Огромная грузовая машина остановилась у самолета, ее водитель спустился к нам и спросил:
   – Могу ли я помочь вам?
   – Вряд ли; по-моему тут больше ничего не поделаешь. Спасибо.
   – А что случилось?
   – Оборвалась сцепка.
   Водитель приблизился и взглянул на обломки металла.
   – Ты смотри, – вырвалось у него. – У меня на грузовике есть сцепка и ближайших пару дней мне не горит появляться в Чикаго. Я вполне могу потащить вас куда-нибудь. У меня к самолетам особое отношение… Я – летчик, родом из Чикаго. Меня зовут Дон Кайт, возвращаюсь домой из Калифорнии. Буду рад помочь вам, чем смогу.
   Приблизительно в то время я наконец понял, что же произошло. Опять-таки… каковы шансы на то, что этот парень появится посреди дороги в этом месяце, на этой неделе, в этот час, в эту минуту, именно когда у меня не будет возможности тянуть за, собой трейлер, и он приедет не только в грузовике, пустом грузовике, а в пустом грузовике со сцепкой для трейлера, и окажется, что ему не только нравятся самолеты, но что он – летчик, и у него есть свободное время? Каковы шансы удачного совпадения вроде этого?
   Дон Кайт дал на своем грузовике задний ход, выехав на полосу между путями трассы, аккуратно приблизился к трейлеру, затем прицепил его и вытащил на шоссе.
   Прибыла полиция, а затем и машина «Скорой помощи», в темноту вторглись вспышки красных огней.
   – Пострадавшие есть? – спросил полицейский.
   – Нет. Все целы.
   Он подбежал к своей патрульной машине и сообщил об этом по рации, затем, медленно прохаживаясь, осмотрел погруженный самолет.
   – Мы слышали, что на шоссе упал самолет, – сказал он.
   – Что-то вроде того. – Я объяснил, как это произошло.
   – Какие-нибудь автомобили повреждены? – он приготовился записывать.
   – Нет.
   Не выпуская из рук карандаш, он задумался.
   – Поврежденных автомобилей нет, никто не пострадал. Это даже не авария!
   – Да, сэр, не авария. Сейчас мы все уже готовы двинуться в путь.
   В полночь мы отцепили трейлер у ангара в Оттумве, и Дон остался с нами на ночь.
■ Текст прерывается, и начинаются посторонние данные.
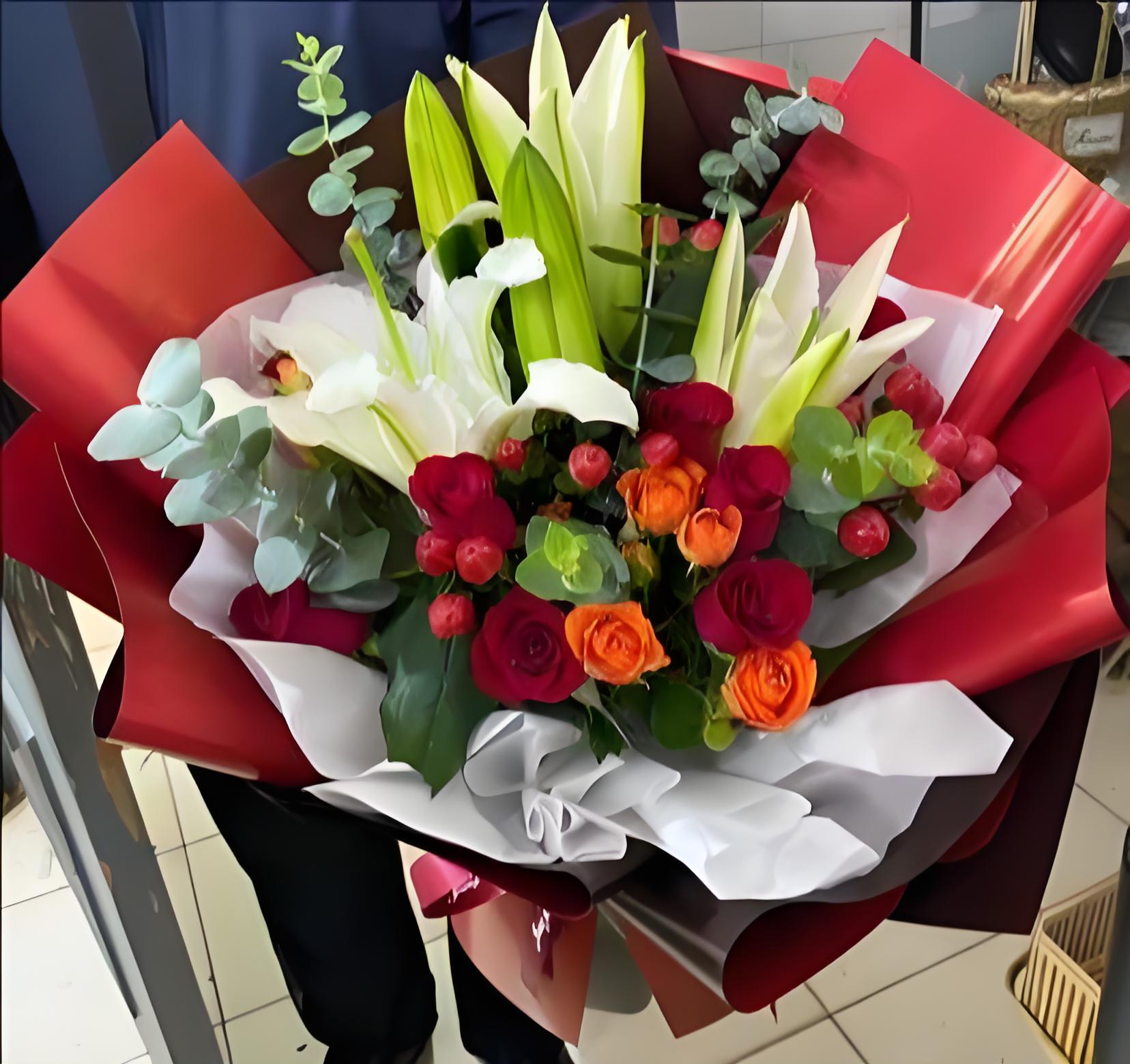 黄石铁山区花店包11枝红玫瑰、2枝多头白百合、6枝橙色多头玫瑰、红豆、尤加利叶包装:酒红色包装纸扇形包
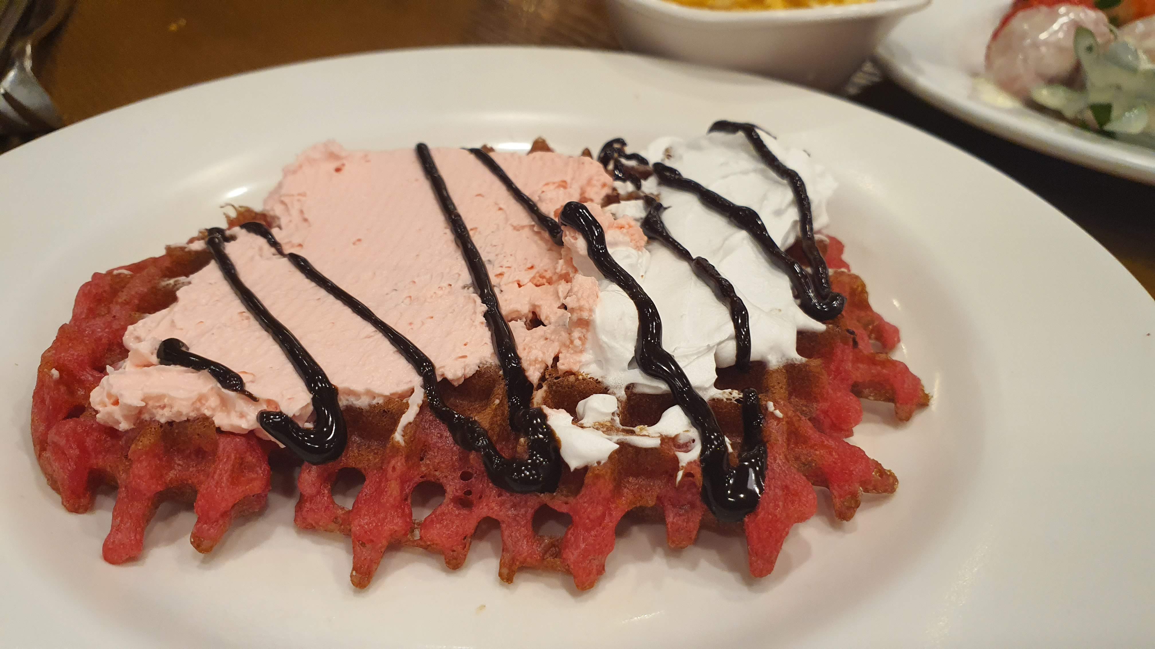 기본 와플에서 딸기 색상만 추가된 느낌이었어요. ㅎㅎ 크림은 딸기 크림보다 역시 생크림이 최고인듯해요.ㅎㅎ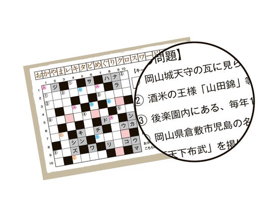 周遊スポットを巡り、「岡山市の歴史」、「室町~江戸時代」、「秀吉」、「宇喜多家」等に関する問題を解くクロスワードラリーです。クロスワードが解けた人は、抽選で10名に岡山県産米「きぬむすめ」10kgが当たるキャンペーンに応募できます。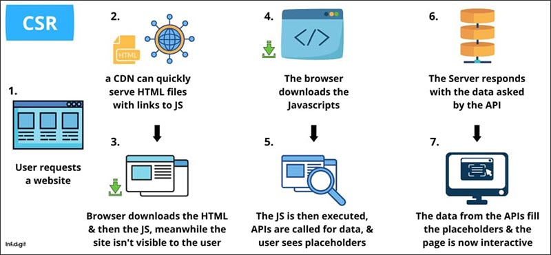 CSR 방식은 브라우저(Client Side)에서 JS파일을 실행시켜 이 뼈대만 있는 HTML 파일에 유저들에게 보여주고 싶은 컨텐트들을 넣어주는 방식으로 동작합니다.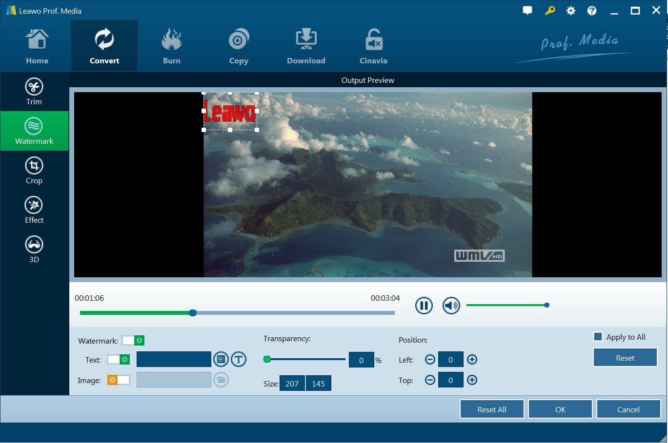 更重要的是, Leawo 蓝光播放器让您 编辑蓝光 M2TS 电影 以各种方式,如修剪视频长度,裁剪视频大小,添加图像或文字水印,调整视频效果, 将 2D 蓝光转换为 3D 电影、将 M2TS 文件合并为一个等。它可以帮助您轻松地从蓝光光盘、文件夹和 ISO 映像文件中编辑 M2TS 视频文件。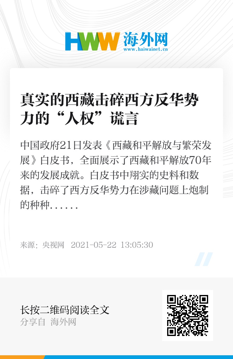 中国政府21日发表《西藏和平解放与繁荣发展》白皮书,全面展示了西藏和平解放70年来的发展成就。白皮书中翔实的史料和数据,击碎了西方反华势力在涉藏问题上炮制的种种“人权”谎言,让世界看到了一个真实、立体的西藏。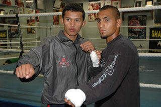興毅の対戦相手となるセサール・ロペス(写真右)は「いい仕事をしたい。カメダのことはこれまで知らなかったが、ビデオを2試合分みて研究した。いい選手だと思うが、私は彼よりキャリアがある。それをリングの上で示したい。KO? 判定でもKOでも勝てばどちらでもいいよ」。ウェイトも113 ポンドで「問題はない。この試合は私にとってもチャンス。踏み台にして上に昇ることを考えている」とロペス。会見後はミット打ちで調整していた。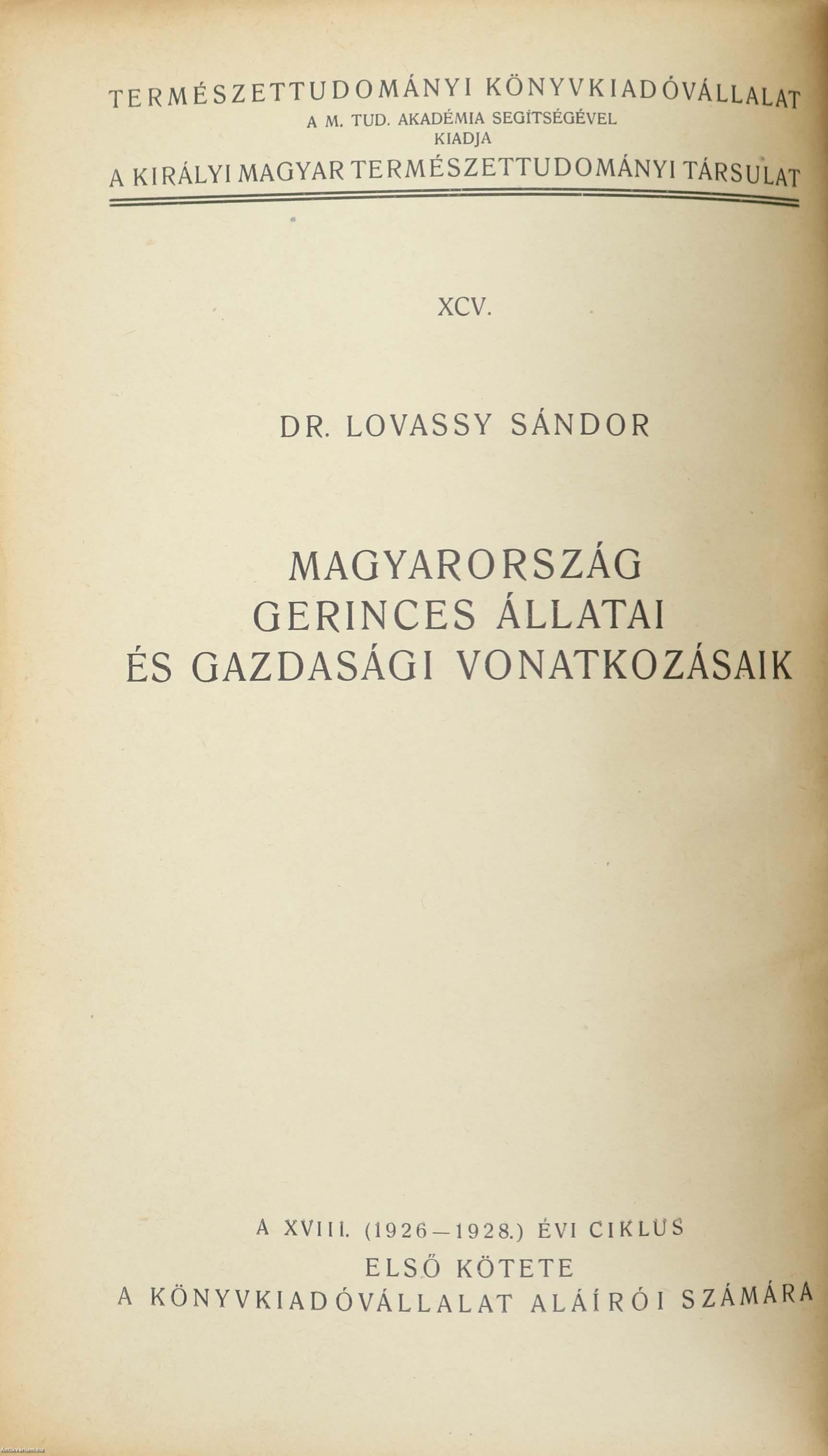 Állatvilágunk sorában kétségen kívül a gerincesek azok, amelyek a magyar értelmiség érdeklődését szélesebb körben is felébresztik. Annál feltűnőbb, hogy irodalmunkban Magyarország gerinces...

Беседуя, мы находили общих знакомых то на одном побережье, то на другом, и было уже более двух ночи, когда мы угомонились, развернули ему постель и, оставив одного, дали возможность уснуть.
   На следующий день я приехал в аэропорт и выгрузил с трейлера части самолета, сложив их у задней стенки ангара.
   Мэрлин Винн пришел, чтобы повидаться со мной. Огромное помещение наполнилось эхом его шагов.
   – Дик, я даже не знаю, что сказать. Сцепка была из плохого металла, и именно сейчас это дало о себе знать. Какая досада. Я так сожалею о случившемся.
   – Не все так уж плохо, Мэрлин. Самое главное центроплан и стойки. Двигатель все равно нужно было ремонтировать. Кое-что сделать с крыльями. Будет неплохая работа на зиму.
   – Что в старых самолетах замечательно, – сказал он, – это то, что их просто невозможно убить. Но все-таки стыдно, что этому суждено было случиться.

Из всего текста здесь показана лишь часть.